In agreement with prior work55, we find that polymers at the condensate interface are likely to adopt expanded conformations. We probed the effects of polymer lengths and found that the degree of expansion increases with polymer length. The strengths of homotypic versus heterotypic interactions and polymer length contribute to preferential localization of molecules at the interface, the degree of chain expansion at the interface, and the thickness of the interface. All polymers show an increase in their Rg values near the condensate interface, and the precise location of the maximal expansion increase is controlled by the species-specific interface. In general, interfaces defined by longer polymers are thicker than those formed by shorter polymers. Interfacial thickness can be altered by modulating the strengths of homotypic and heterotypic interactions, allowing for finer control over spatial localization of each polymer species. The physical properties of interfaces99 are likely to contribute to capillary forces of condensates100, interactions between condensates and emulsifiers in vivo101 or in vitro102, and chemical reactions that are likely controlled at interfaces103,104.
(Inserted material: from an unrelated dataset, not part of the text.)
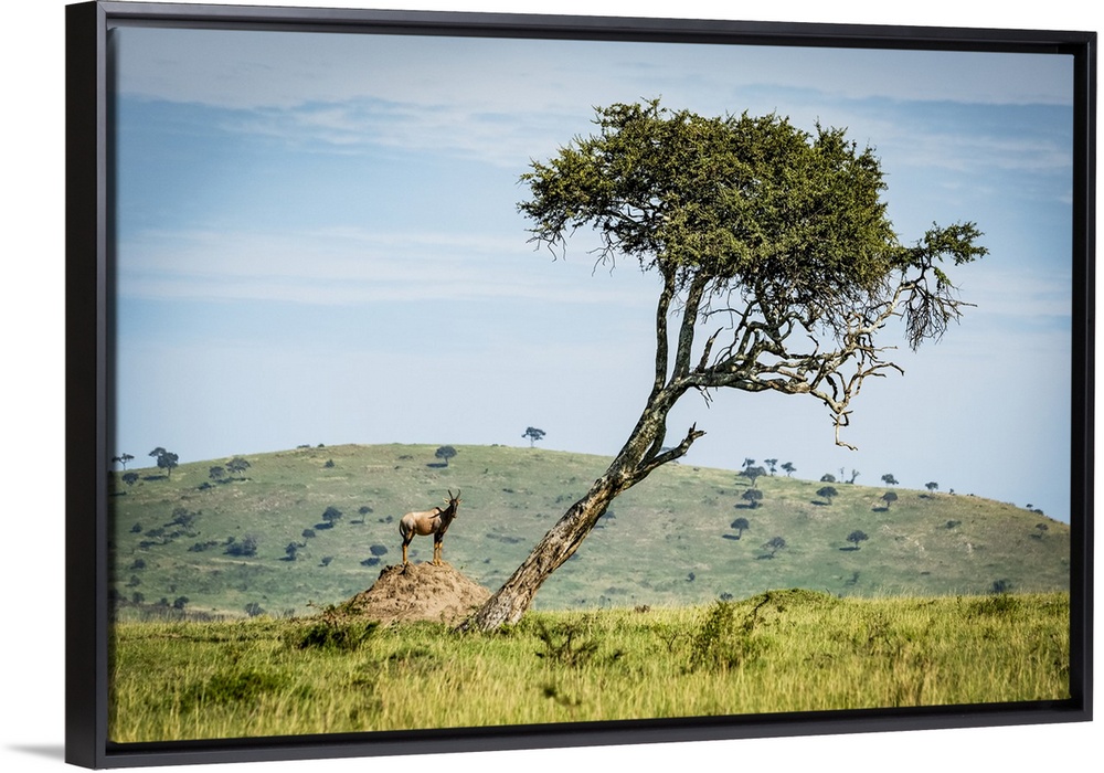<p>Male topi (Damaliscus lunatus jimel) on termite mound near tree, Klein's Camp, Serengeti National Park; Tanzania</p>

Overall, our findings highlight the complex and designable / evolutionarily selected properties105,106,107 of biomolecular condensates formed by mixtures of PLCDs. These findings set the foundations for dissecting the phase behaviors and properties of condensates formed by n-nary mixtures of multivalent macromolecules. Our work highlights the promise of using simulations for modeling and designing phase behaviors in multicomponent systems60,93,107,108,109.
Methods
Identifying condensate-associated prion-like low-complexity domains (PLCDs)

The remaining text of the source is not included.